Material for the task Start Marker
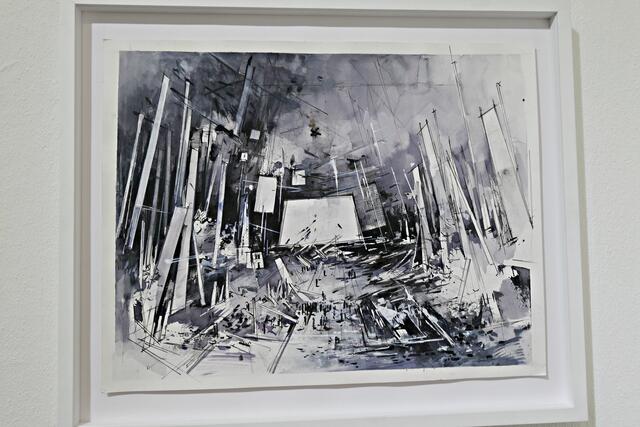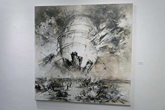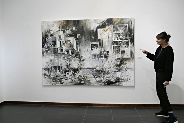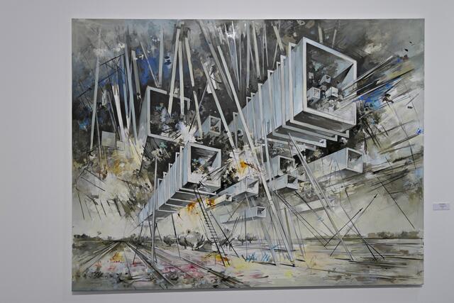 Ihre Gemälde sind sehr eigenwillig und man erkennt eine zersplitterte Zukunft und Utopien in Auflösung. Sie zerlegt ihre Malerei gekonnt wissenschaftlich und architektonisch in Zukunftsvisionen. „Utopia“ ist ein wundervolles riesiges Gemälde in Öl auf Leinwand (160 x 210 cm), kurdische Landschaften und auch Papierarbeiten befinden sich in der Ausstellung. Die Bilder sollen gedanklichen Anstoß geben zu Überlegungen über unser Zukunft. Sie sei in einer Utopie groß geworden und gibt das in ihren Bildern wieder. In ihren Visionen sieht sie etwas Gutes und stellt eine Erweiterung ihrer vorherigen Serie dar.
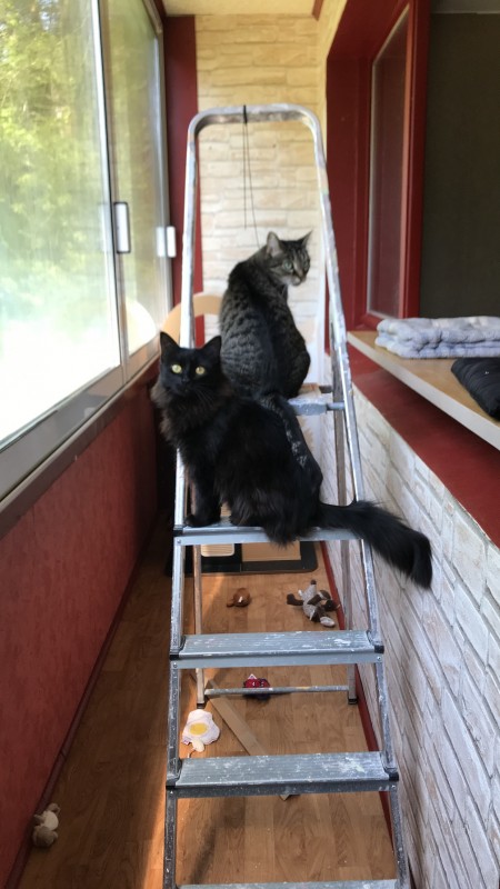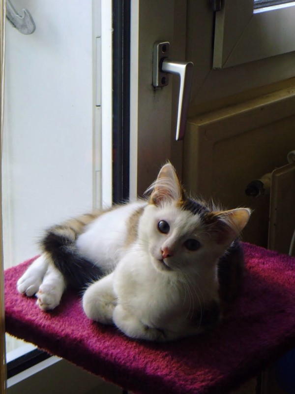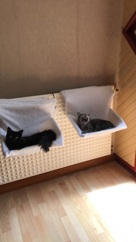 De retour à la maison je l’installe dans ma chambre, eau et litière (croquettes autorisées que le lendemain matin) et je la laisse tranquille une heure. Puis je la libère et j’installe un plaid sous mon lit pour qu’elle puisse se coucher sans avoir à grimper sur le lit.
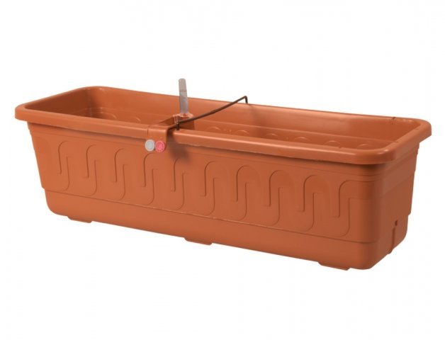 Samozavlažovací plastový truhlík v bezknotovém provedení a s volitelnými otvory pro odpad. Má 2 ergonomické barevné datumovky pro zaznamenávání intervalů zalévání a hnojení. Je vybaven otvory v roštu pro vhodné umístění napájecího dílu s barevně značenými zátkami. Má dvoukomorové řešení zajišťující nepřetržité měření hladiny vody, a to i při nalévání. Rozměrné zásobníky na vodu zajišťují dlouhodobé dodávání vody. Nalévací otvor je vhodně tvarovaný pro snadné měření vody. Šířka: 99 cm, výška: 17 cm, hloubka: 20 cm.
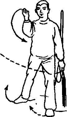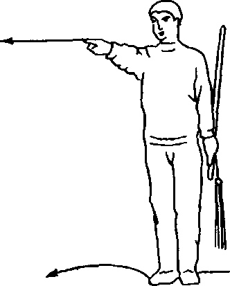要点:向南并步站立时身 体要正直,要顶头竖颈,右臂要 伸直。
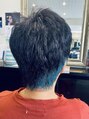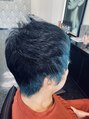 ブラックブルーベースのグレーカラーにポイントカラーでビビットなターコイズカラーをプラスポイントに入れたターコイズカラーは色落ちするとシルバーカラーに変化するので色落ち後はブラックブルー&グレースタイルも楽しめます
Material for the task End Marker
* Prompt: Transcribe exactly the span of lines that opens with the line holding "Samozavlažovací plastový truhlík" and closes with the last line of the entries above. Omit pictures.

* Final answer:
 Samozavlažovací plastový truhlík v bezknotovém provedení a s volitelnými otvory pro odpad. Má 2 ergonomické barevné datumovky pro zaznamenávání intervalů zalévání a hnojení. Je vybaven otvory v roštu pro vhodné umístění napájecího dílu s barevně značenými zátkami. Má dvoukomorové řešení zajišťující nepřetržité měření hladiny vody, a to i při nalévání. Rozměrné zásobníky na vodu zajišťují dlouhodobé dodávání vody. Nalévací otvor je vhodně tvarovaný pro snadné měření vody. Šířka: 99 cm, výška: 17 cm, hloubka: 20 cm.
要点:向南并步站立时身 体要正直,要顶头竖颈,右臂要 伸直。
 ブラックブルーベースのグレーカラーにポイントカラーでビビットなターコイズカラーをプラスポイントに入れたターコイズカラーは色落ちするとシルバーカラーに変化するので色落ち後はブラックブルー&グレースタイルも楽しめます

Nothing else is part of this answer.